Look, I’m on your side. I love new stuff – especially that new DVD/download smell. However, distracting everyone from the real problems plaguing your intranet by upgrading to SharePoint 2010 isn’t going to be productive. An upgrade will likely not fix the real concerns people have about your intranet, nor will the upgrade process be satisfying. In fact, upgrades usually tend to be migrations; painful, painful migrations. You aren’t just replacing binaries on the existing servers and manipulating the content database schema. “Upgrade” usually involves building brand new servers, buying more storage (get it while the gettin’s good), installing a net-new SharePoint farm, licensing brand new add-ons (yes there are still plenty of “opportunities”), licensing/using a migration tool (please don’t try it manually) to move content to the new farm and sending the IT team to training on the new stuff (developers as well as administrators). Again, when all is said and done, core problems are probably still not addressed, nor have users significantly altered the behavior that lead to this “bad” place; there was simply too much to do getting the “upgrade” done.

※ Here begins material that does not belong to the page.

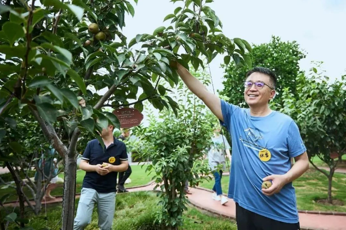 這是一個(gè)“長(zhǎng)”在屋頂約5000㎡的空中生態(tài)園,也是“雙童”的另一張名片!這里有100多種花卉和200多棵果樹,現(xiàn)在正是梨子、棗子掛滿的季節(jié)!學(xué)員們也可以“閑逛”中體驗(yàn)到采摘的樂趣。
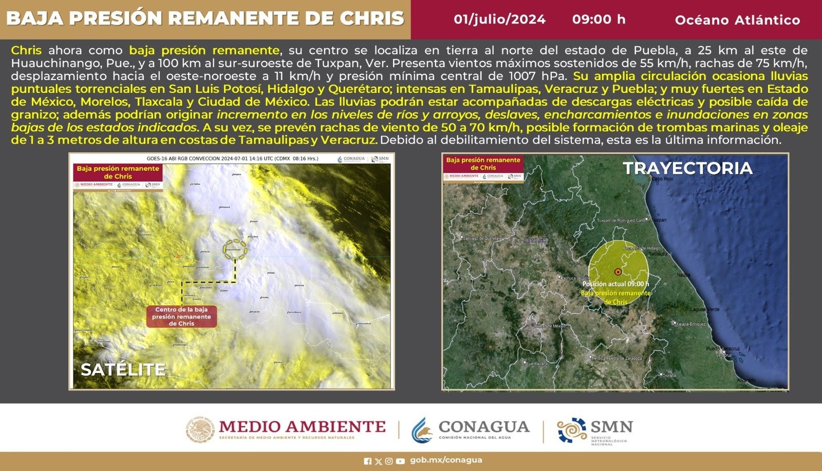 Tras tocar tierra la noche de este domingo como tormenta tropical en la localidad de Lechuguillas, Veracruz, “Chris” se degradó…

In the end: fix what you have. Get it right now, before you upgrade. Prove it with real measures of success, then upgrade. You’ll be happier.
11 comments:
Point for point I agree completely.
Point for point I agree completely.
Excellent article. One thing I would add specifically around the service apps is that there is an even greater need for governance before you even THINK about turning them on. With rich features comes greater complexity, and you need to have a handle on the administrative aspects before you turn them on. Understand the risks and issues, develop a plan, and release the new features in a managed way.
@Chris. Thanks!
@Christian... I couldn't agree more. Governance is a key to success regardless of the platform you're using. Unfortunately, SharePoint implementations seems to suffer more than most from a lack of governance.
So what is our alternative? Google Docs lol? http://www.colligo.com? Still not sure where we go from here if its not the answer.

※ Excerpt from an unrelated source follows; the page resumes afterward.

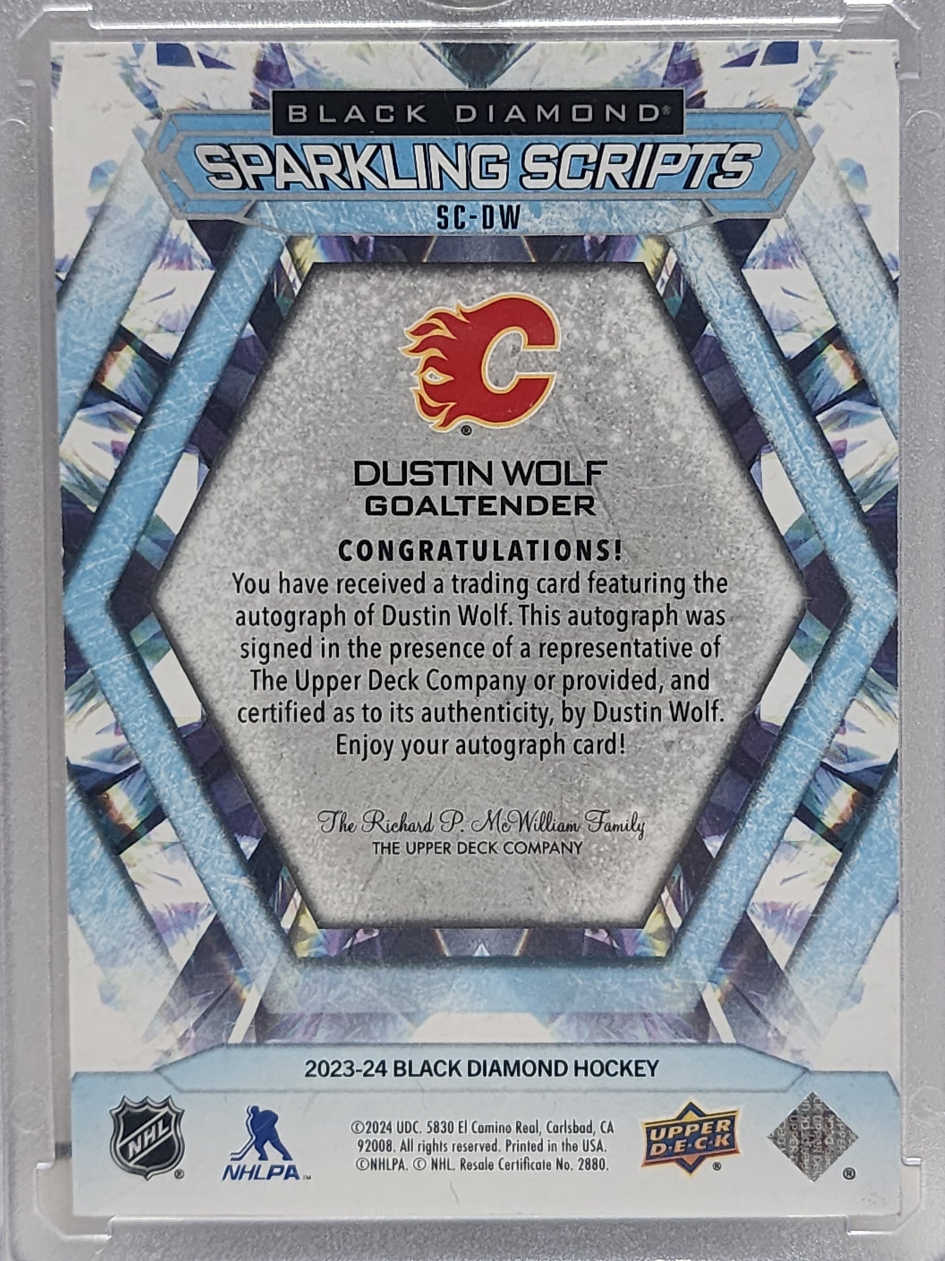 Dustin Wolf 2023 Upper Deck Black Diamond Sparkling Scripts Auto #9/10

What a load of bull! Donlt know why you keep harping the fact that companies need to stay on Sp2007...You reasons, not withstanding, the, SP2010's features like Content Type Hubs has helped move towards a structure I dreamed of in SP2007 early days...

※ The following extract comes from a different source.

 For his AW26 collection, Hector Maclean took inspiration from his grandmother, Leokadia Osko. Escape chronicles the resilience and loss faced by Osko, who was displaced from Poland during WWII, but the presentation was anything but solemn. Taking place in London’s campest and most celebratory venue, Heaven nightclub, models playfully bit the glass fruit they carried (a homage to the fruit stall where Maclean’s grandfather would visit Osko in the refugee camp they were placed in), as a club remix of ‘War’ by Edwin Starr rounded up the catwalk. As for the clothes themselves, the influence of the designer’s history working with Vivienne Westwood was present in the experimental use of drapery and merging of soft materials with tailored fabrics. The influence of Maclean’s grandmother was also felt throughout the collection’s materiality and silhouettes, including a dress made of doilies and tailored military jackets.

@James... I'm very sorry for the late response.
My point is that many firms upgrade with little or no justification. In particular, they focus on the tool and not the underlying need. Often it's simply "it's new" and that's why they're upgrading. However, "it's new" is not good enough and there needs to be a focus on how this new version satisfies needs that weren't satisfied in 2007. There clearly a number of basic advancements like the term store, content type hubs and even the new Office Web Apps; all of these features are compelling, but only if you're going to make use of those features. If you don't have enterprise wide content types (or even use content types at all) the fact that you can now publish content types across site collections is a pretty useless feature.
@Anonymous...I disagree. I'm not telling anyone to stay on 2007 if there's clear justification to move to 2010. All I'm saying is that the reason to move to 2010 has to be compelling and the reason should not be the tool. As my previous response to James indicates, Content Type hubs are interesting and compelling if you use content types and need to distribute them across site collections. However, many organizations are struggling with simply implementing content types within one site collection thereby making the hub a bit of a useless feature.
In the end, the message is: upgrade for the right reason.
SharePoint 2010 is much better than 2007, it has more features than 2007 and provides a great flexibility. I have been using SharePoint 2010 since it's being released, really great to use it.
@Nissim... Thanks for the comment. I agree that 2010 is more feature rich. However, simply adding features and providing greater flexibility doesn't necessarily mean that an implementation with the new platform will be any more successful than with the earlier version.
Again, my message in this post is upgrade for the right reason.
Regards,
Shawn
Great point on needing social software developers to build the right solution on top of SharePoint.